What to do: In the records below, find the line with "- ★Comodo vassoio" and repeat it and every line after it, exactly, without any pictures.

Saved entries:
━━━━
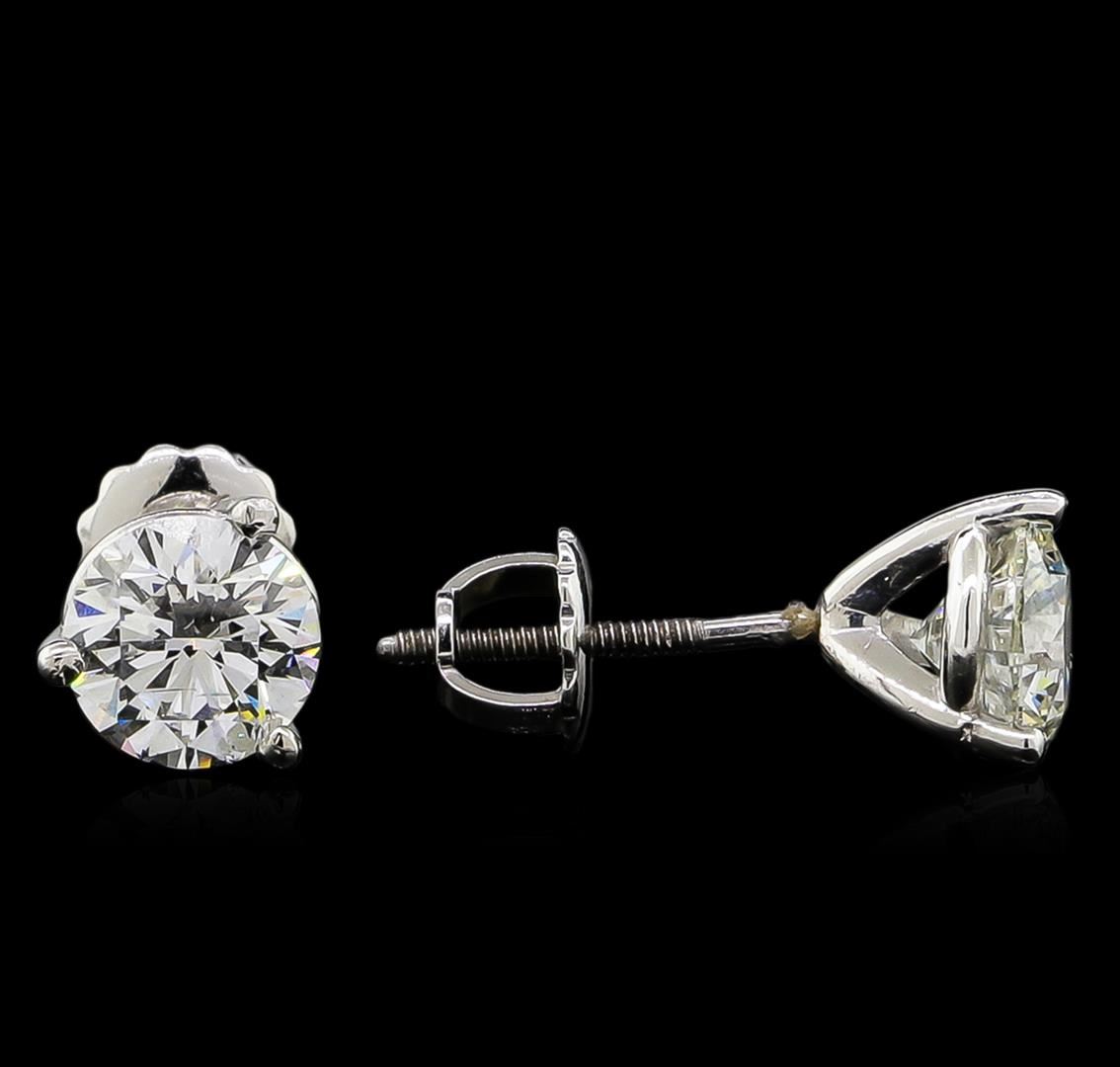 One pair electronically tested platinum cast & assembled diamond solitaire earrings with screw backs. Bright polish finish. Condition is new, good workmanship. Containing: One prong set round brilliant cut diamond, measuring 6.40 - 6.35 x 3.94mm (depth est.) approximate weight of 1.00ct with a faint blue fluorescence. Graded in the setting. Clarity: I-1. Color: G. Depth 61.8%. Table 58.6%. One prong set round brilliant cut diamond, measuring 6.30 - 6.25 x 3.97mm (depth est.), 4.00.%. GTCF approximate weight of 1.02ct. Graded in the setting. Clarity: SI-2. Color: H. Depth 63.2%. Table 58.9%. Total Weight of Diamonds 2.02ct. Total Weight of Earrings 2.71gm. AIG Appraised at $20,185.00.
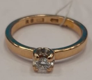 Кольцо Золото 585 с бриллиантам.1 Бриллиант кр57 5/5 0, 11
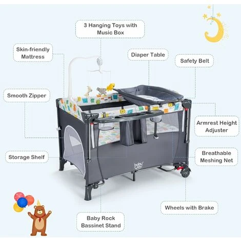 - ★Comodo vassoio portaoggetti e giocattolo appeso★ Il vassoio portaoggetti può essere installato su qualsiasi bracciolo per riporre pannolini, biberon, fazzoletti e altre necessità. Il giocattolo appeso è dotato di 3 simpatici pupazzi e una funzione rotante, mentre può emettere una dolce musica per calmare il bambino e farlo addormentare rapidamente.
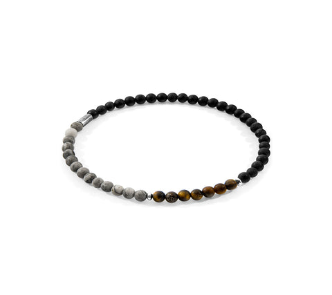 Joshua Silver and Stone Bracelet | Onyx/Grey/Tiger's Eye
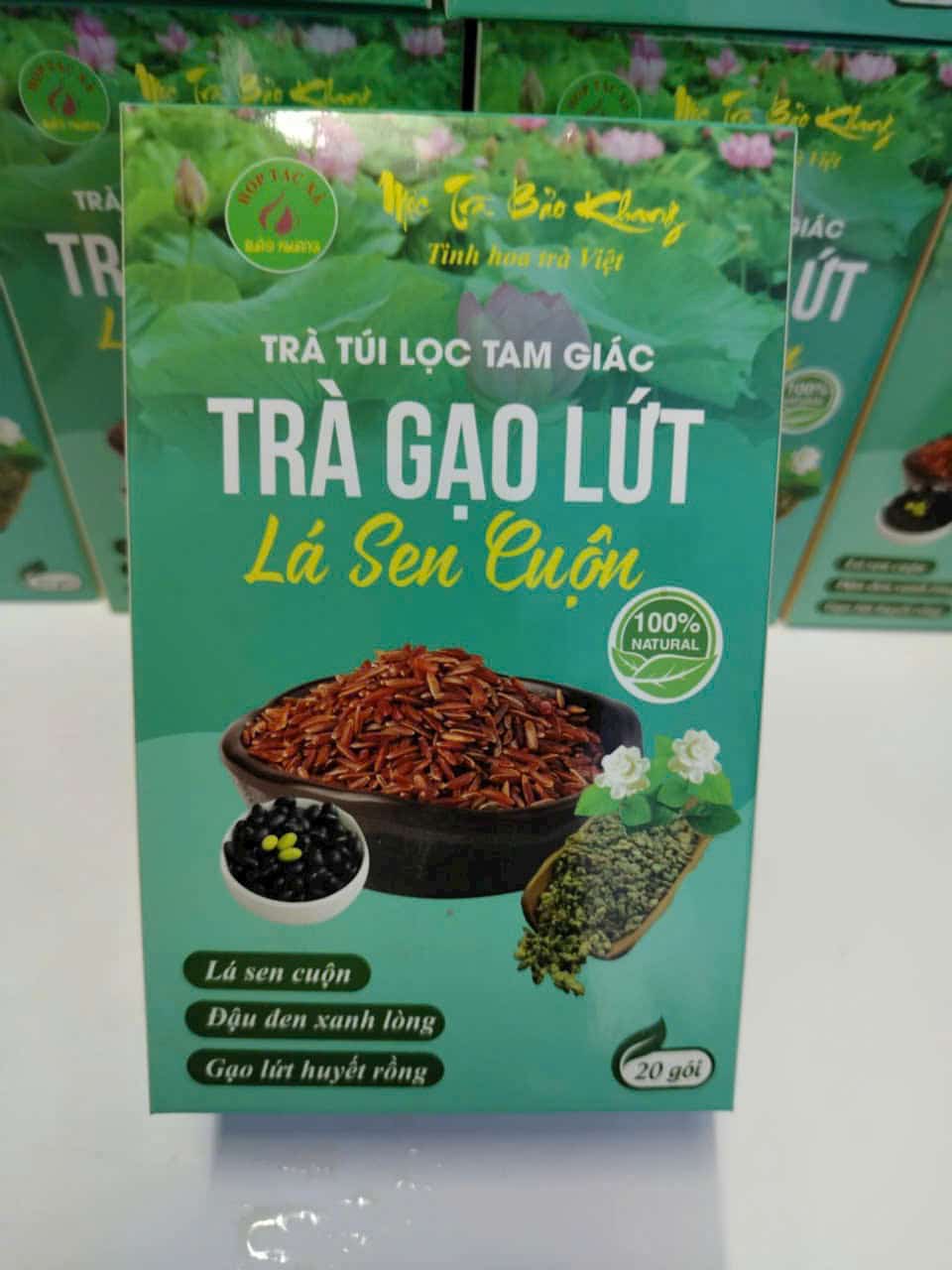 Trà Túi Lọc Gạo Lứt Lá Sen Cuộn Bảo Khang Hộp 20 Túi Lọc
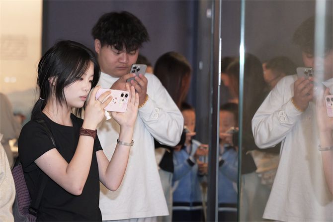 同学们对感兴趣的文物进行拍照。供图
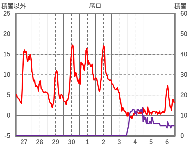 | 日 | 時 | 気温 | 降水 | 風向/風速 | 日照 | 積雪 | 降雪 |
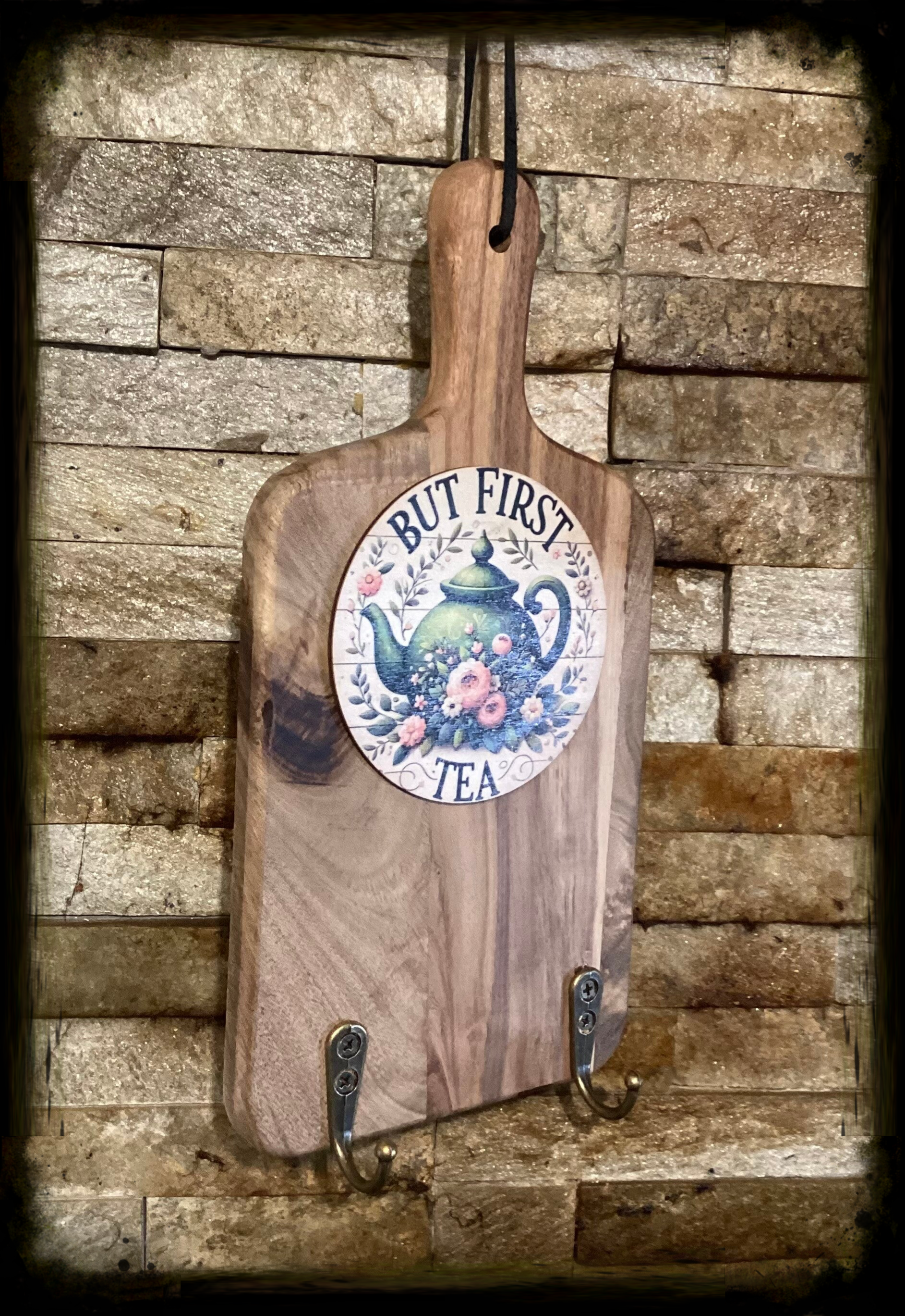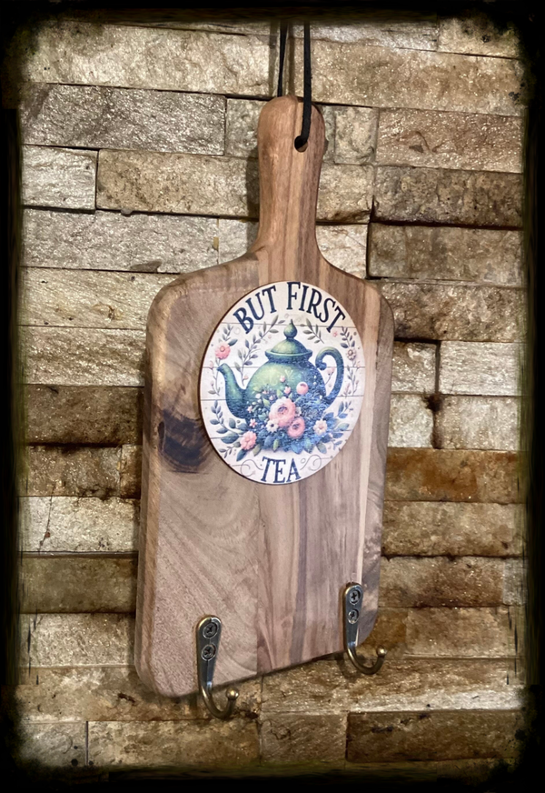 2 hook small kitchen hanger pot of tea decor ( Ht 28 cm W 14 cm ).
━━━━
Exercise output:
 - ★Comodo vassoio portaoggetti e giocattolo appeso★ Il vassoio portaoggetti può essere installato su qualsiasi bracciolo per riporre pannolini, biberon, fazzoletti e altre necessità. Il giocattolo appeso è dotato di 3 simpatici pupazzi e una funzione rotante, mentre può emettere una dolce musica per calmare il bambino e farlo addormentare rapidamente.
 Joshua Silver and Stone Bracelet | Onyx/Grey/Tiger's Eye
 Trà Túi Lọc Gạo Lứt Lá Sen Cuộn Bảo Khang Hộp 20 Túi Lọc
 同学们对感兴趣的文物进行拍照。供图
 | 日 | 時 | 気温 | 降水 | 風向/風速 | 日照 | 積雪 | 降雪 |
 2 hook small kitchen hanger pot of tea decor ( Ht 28 cm W 14 cm ).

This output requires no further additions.